Superior Court of New Jersey, Appellate Division
Sep 20, 2021
No. A-1997-19 (App. Div. Sep. 20, 2021)

Opinion

A-1997-19

09-20-2021

PATRICK TRAINOR, Plaintiff-Appellant, v. CHRYSLER CAPITAL, SANTANDER CONSUMER USA HOLDING, INC., TETERBORO AUTOMALL, d/b/a TETERBORO CHRYSLER JEEP, FCA U.S. LLC, GENERAL SALES MANAGER TETERBORO CHRYSLER JEEP, and SPECIAL FINANCE MANAGER TETERBORO CHRYSLER JEEP, Defendants-Respondents.

Patrick Trainor, appellant pro se. Fontana &Napolitano, LLP, attorneys for respondents Santander Consumer USA Inc., d/b/a Chrysler Capital, Santander Consumer USA Holdings Inc., and FCA US, LLC (Ryan Napolitano, on the brief). Breslin and Breslin, PA, attorneys for respondent Teterboro Automall, Inc. (E. Carter Corriston, Jr., on the brief).


NOT FOR PUBLICATION WITHOUT THE APPROVAL OF THE APPELLATE DIVISION

Submitted October 1, 2020

On appeal from the Superior Court of New Jersey, Law Division, Bergen County, Docket No. L-2473-19.

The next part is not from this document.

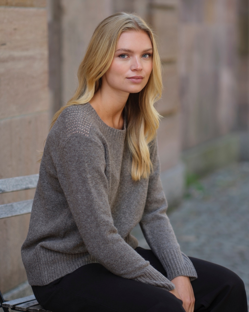 Babara Striktrøje er en feminin og behagelig strik med elegante guldnitter på skuldrene. Den har rund hals og afsluttes med ribkanter, der giver et pænt og klassisk look.

Patrick Trainor, appellant pro se.

Fontana &Napolitano, LLP, attorneys for respondents Santander Consumer USA Inc., d/b/a Chrysler Capital, Santander Consumer USA Holdings Inc., and FCA US, LLC (Ryan Napolitano, on the brief).

Breslin and Breslin, PA, attorneys for respondent Teterboro Automall, Inc. (E. Carter Corriston, Jr., on the brief).

Before Judges Fuentes and Firko.

OPINION

FUENTES, P.J.A.D.

On February 25, 2016, plaintiff Patrick Trainor purchased a new Chrysler 200 Sedan from defendant Teterboro Chrysler Dodge Jeep and Ram (Teterboro Automall) for the amount of $33, 361.03. Plaintiff financed the purchase through a retail installment contract offered by defendant Chrysler Capital that charged an interest rate of 19.90%. The loan was payable over seven years. Both the purchase contract and loan agreement include arbitration provisions empowering either party to adjudicate any disputes that arise from these contracts by an arbitrator selected by the American Arbitration Association. The trial court granted defendants to enforce the arbitration provisions. We affirm.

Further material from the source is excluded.